# Filmon TV?



## travelling-man (Jun 17, 2011)

I've finally got a decent internet connection (HOORAY!) & can now watch filmon.com & whilst I see ads for Gold TV but can't find the station.

Can anyone tell me where they hide it please?


----------



## canoeman (Mar 3, 2011)

Thought it was Dave you wanted, might be part of paid package, have you tried opening the headings on left

Post on sat forums recently that they expect an influx of customers/visitors when main changes happen this summer and their servers won't be able to cope, so make the most of it


----------



## travelling-man (Jun 17, 2011)

I switched from PT phone line internet connection which was next to useless to a MEO package of free calls within Portugal, TV and unlimited internet....... surprisingly, it all works through the phone line but the internet (which is the only important thing to us) is now about 4 times faster and completely stable and that in turn means I can now watch filmon without any of the buffering issues I used to experience. 

I've tried pretty much everything on the left hand menu but most of those links take you to additional 2nd tier links so a search is a bit of schlep....... I get Dave & Yesterday etc just fine and see ads for Gold so It's probably there but I just can't find it! LOL!

The good news is I've now got umpteen channels of crap to choose from! 

All that said, the idea of an improved connection is to be able to work more efficiently so maybe the TV is secondary!


----------



## canoeman (Mar 3, 2011)

Expect with price of Meo probably cheaper to have gone down Sat internet route, problem is your Meo is still copper cable to wherever the fibre optic line is hope it works for you

I would have expected Gold to be in comedy section but it's not there


----------



## travelling-man (Jun 17, 2011)

Prices of BW satellite or MEO are similar but MEO give free phone calls included in the package.

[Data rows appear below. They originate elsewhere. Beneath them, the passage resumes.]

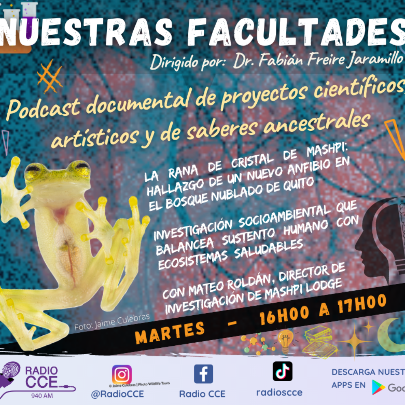 Conversamos con el ecologista Mateo Roldán, director de investigación de Mashpi Lodge, sobre el descubrimiento de la Rana de Cristal de Mashpi una nueva especie anfibia que habita en el Chocó Andino, en el bosque nublado al noroccidente de Quito. #Andes #Ecuador #nuestrasfacultades #ourfaculties #biology #ecosystem #conservation #newspecies #biologia
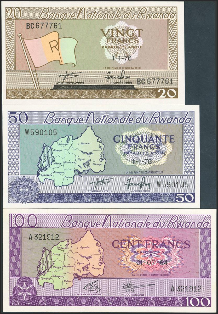 RWANDA. Lot of 3 notes of 20 Francs, 50 Francs and 100 Francs. (1964ca). Banque Nationale. (Pick: 6e, 7c, 8a). Uncirculated / About Uncirculated.
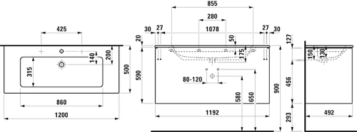 LAUFEN Pro S Set Base 1200, washbasin, 2 tap holes, overflow, incl. vanity unit, 2 drawers, 1200x500mm
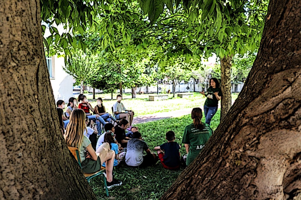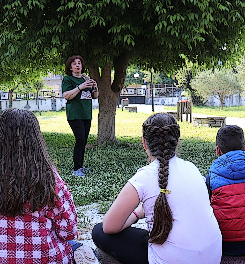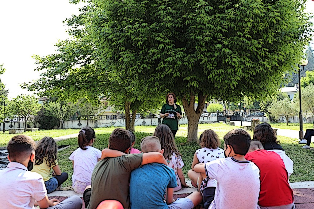 Η παρέα της Ε’ και ΣΤ’ τάξης επέλεξε να καθίσουμε στον ίσκιο ενός μεγάλου δέντρου. Άλλα παιδιά στρώθηκαν στο γρασίδι, άλλα έφεραν τα καρεκλάκια τους και ένα ημικύκλιο από ζεστά χαμόγελα δημιουργήθηκε. Οι αφηγήσεις των παραμυθιών ξεκίνησαν και τα παιδιά απορροφήθηκαν. Γεγονός που μας ξάφνιασε ευχάριστα γιατί συνήθως σε αυτές τις ηλικίες, μεταξύ παιδικότητας και εφηβείας τα παιδιά αποστασιοποιούνται, θεωρώντας ότι πλέον είναι πολύ μεγάλα για να ακούνε παραμύθια. Κι όμως αυτά ζητούσαν κι άλλο παραμύθι…κι άλλο….κι άλλο!
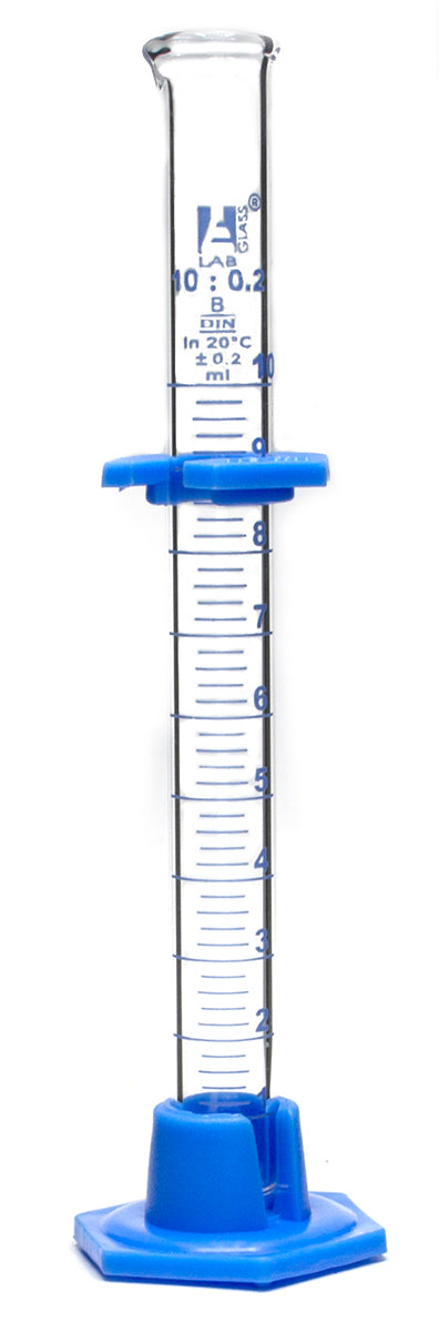 View full detailsMeasuring Cylinder, 10ml - Class B - Detachable, Plastic Hexagonal Base & Protective Collar - Blue Graduations - Borosilicate Glass - Eisco Labs
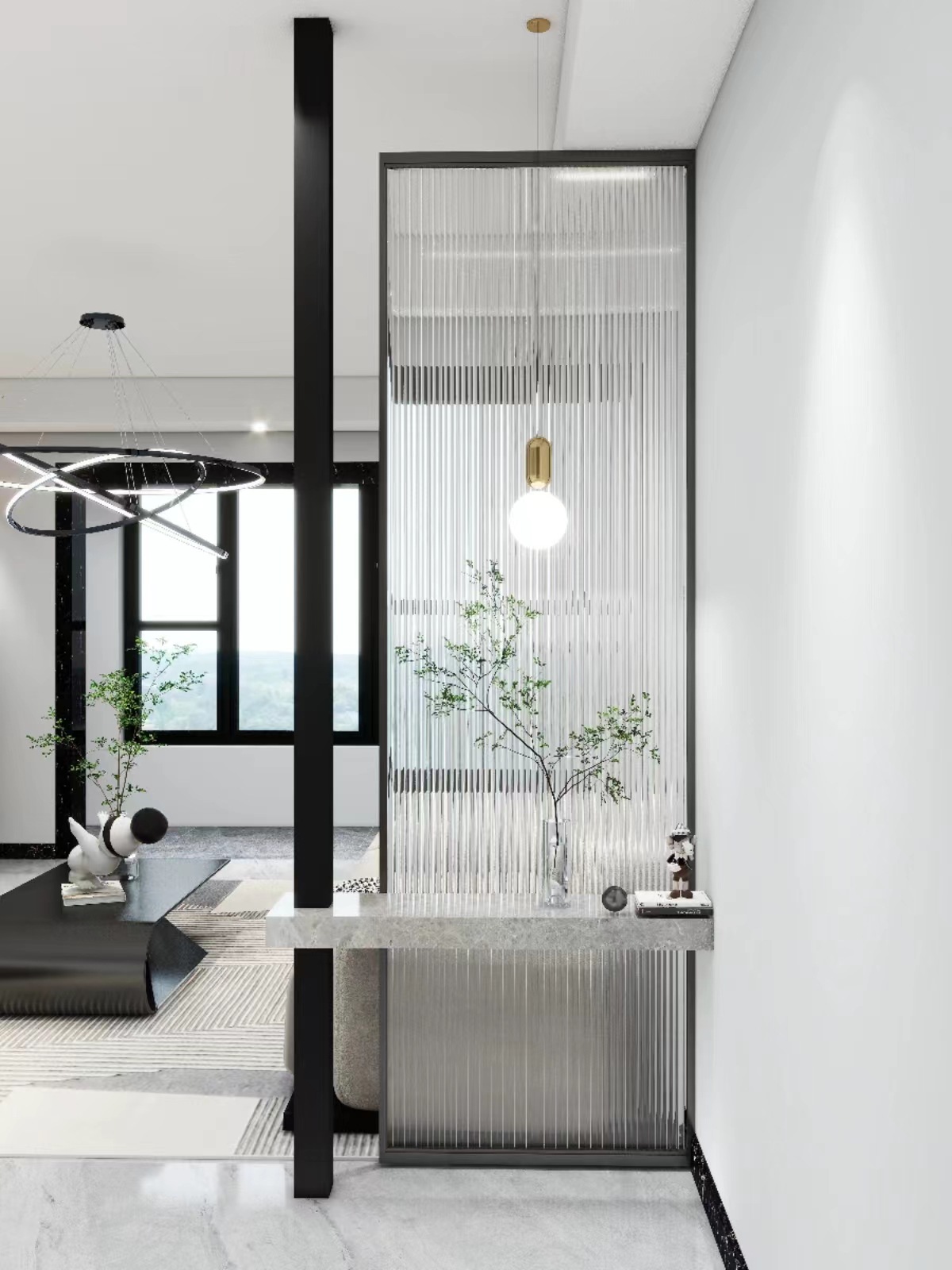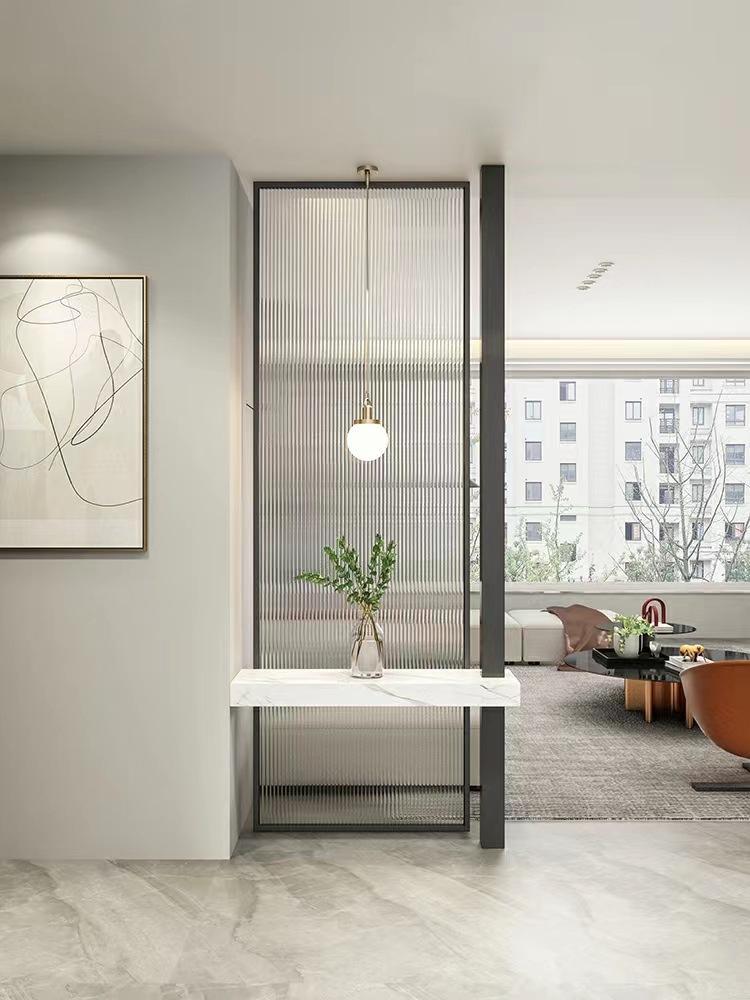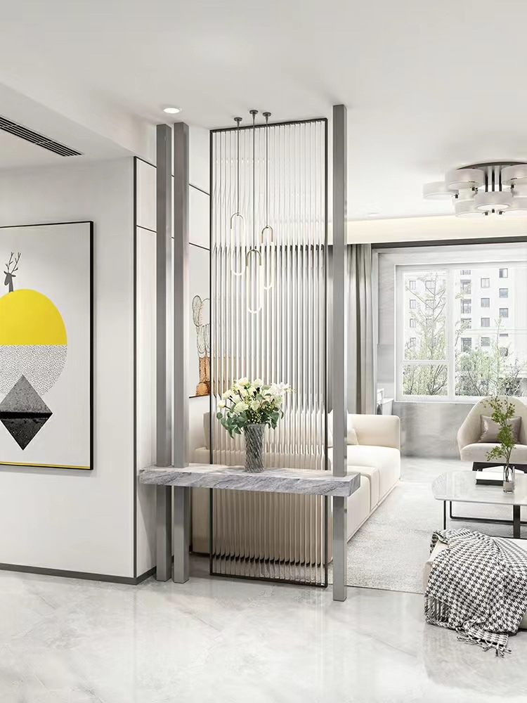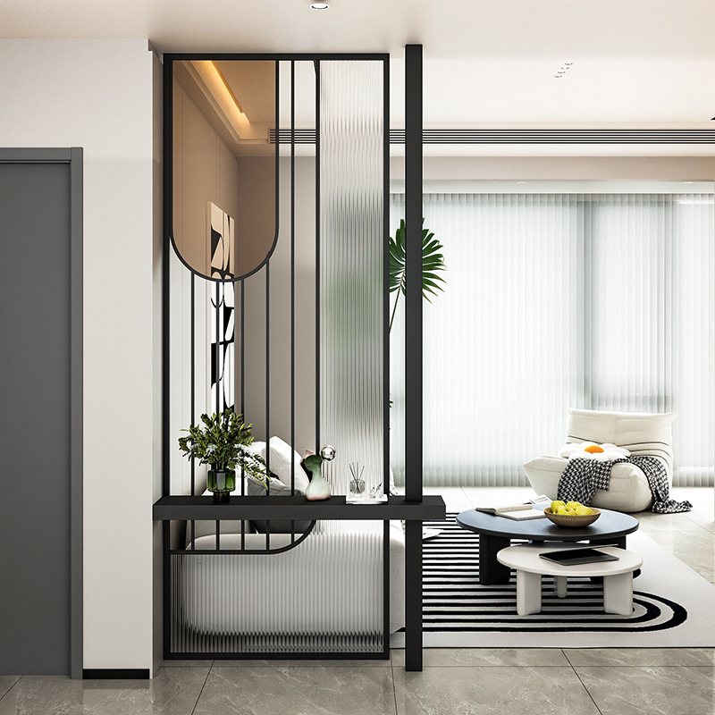 엔트리 럭셔리 거실 간단한 현대 입구 캐비닛 유리 스크린 욕실 문-문 음영 스테인레스 스틸 파티션
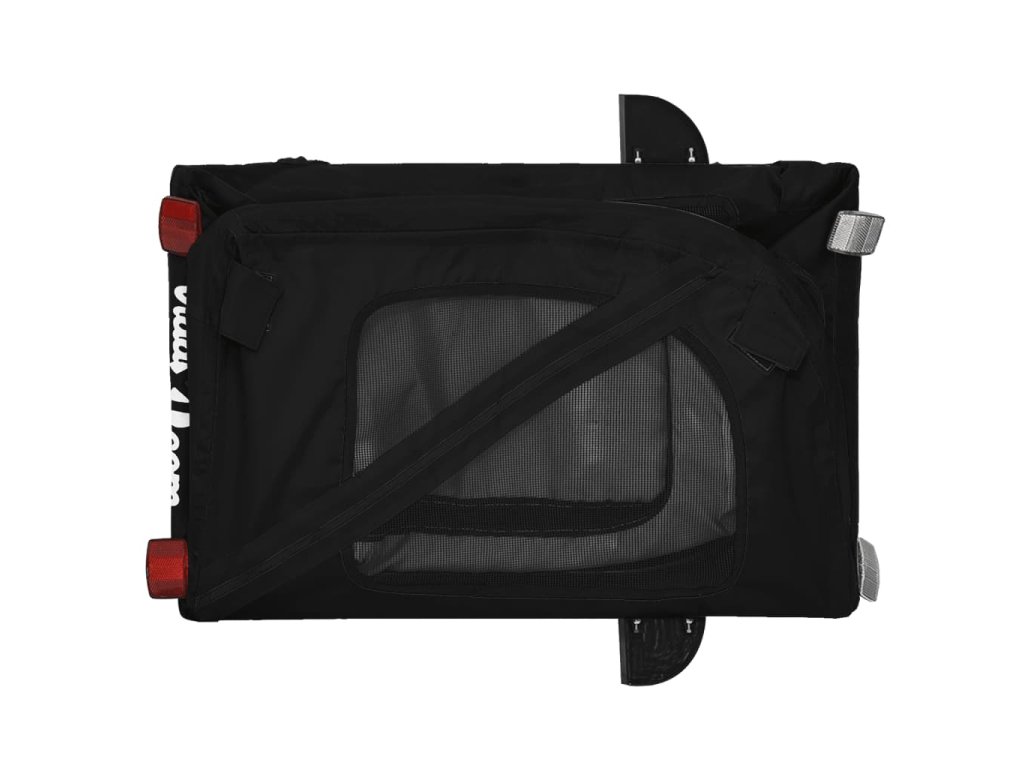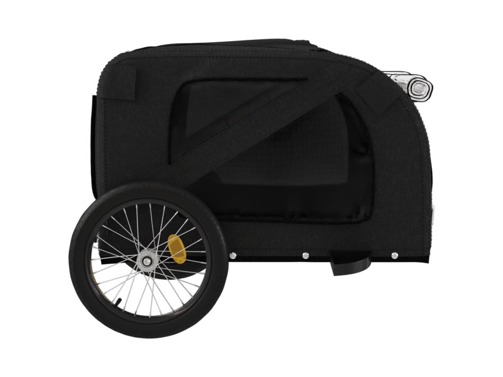 - Pohodlný príves na bicykel: Tento nákladný príves na bicykel je vyrobený z oxfordskej tkaniny a má kryt z PVC, ktorý ochráni vášho domáceho maznáčika pred mrholením. V spodnej časti je navyše čierna nosná doska pre pohodlný priestor.

I can't explain the speed but it's 3 or 4 times faster & now completely stable for the first time ever........ How they do that with the same wires, I don't know but they do.


----------



## canoeman (Mar 3, 2011)

Because at some pint those wires now connect into the fibre optic network


----------



## travelling-man (Jun 17, 2011)

I guess so.

I also had a call from MEO today & they told me to save their number as they are the dedicated English speaking help line....... So great customer service at least for now!


----------